The first thing I usually get asked when investigating a healthcare system is to identify whether PHI or PII reside on the system. People ask this because if it does then HIPAA regulates that the owners of the system may need to send out notifications within a specific time period.
Does anyone have any techniques they use to determine if PHI or PII resides on a system?
We should be able to do a keyword search on a drive after indexing the contents. I found this short list of regular expressions
^.*(ssn|social|security).*$
^.*name.*$
^.*address.*$
^.*city.*$
^.*state.*$
^.*zip.*$
^.*county.*$
^.*precinct.*$
^.*(email|e-mail|mail).*$
Has anyone else compiled such or list or have any other ideas on how to automate this task?
The first thing I usually get asked when investigating a healthcare system is to identify whether PHI or PII reside on the system. People ask this because if it does then HIPAA …
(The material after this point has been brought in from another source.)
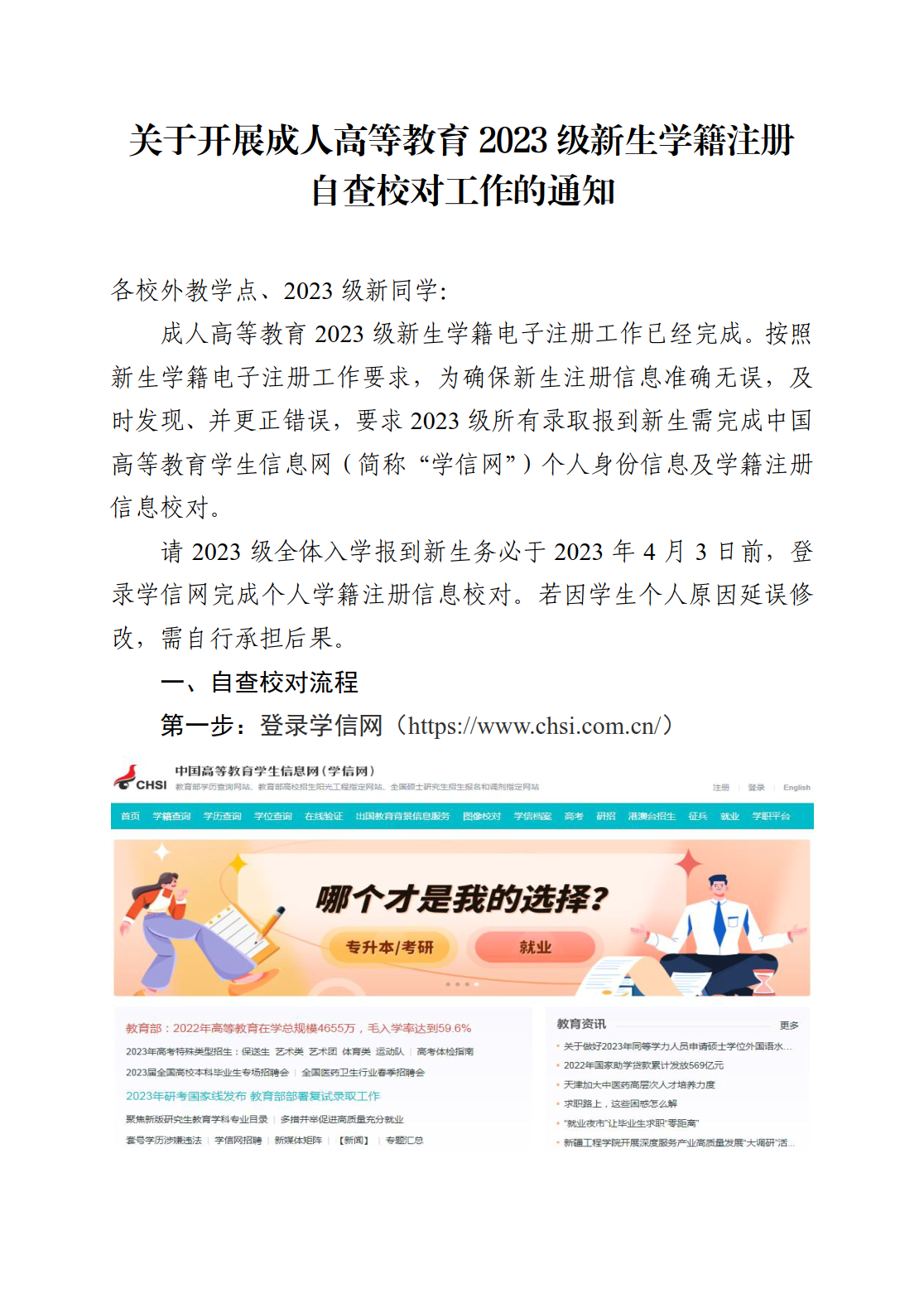 威廉希尔足球关于开展成人高等教育 2023 级新生学籍注册自查校对工作的通知

The first thing I usually do when seeing acronyms on a new post is to ask the OP to explicit them
http//
http//
http//
even if they are identifiable by the context.
jaclaz
When I dwell into a new cultural sub-category, I like to get samples of known data.
That is, in your case I would get a database of personally identifiable information (PII) as they are structured in the target system and extract key words from that.
I would do the same for protected health information (PHI), and anything else covered by Health Insurance Portability and Accountability Act (HIPAA).
It is easier and much better results, in my opinion to use a sample of known data to find similar data than to attempt and guess.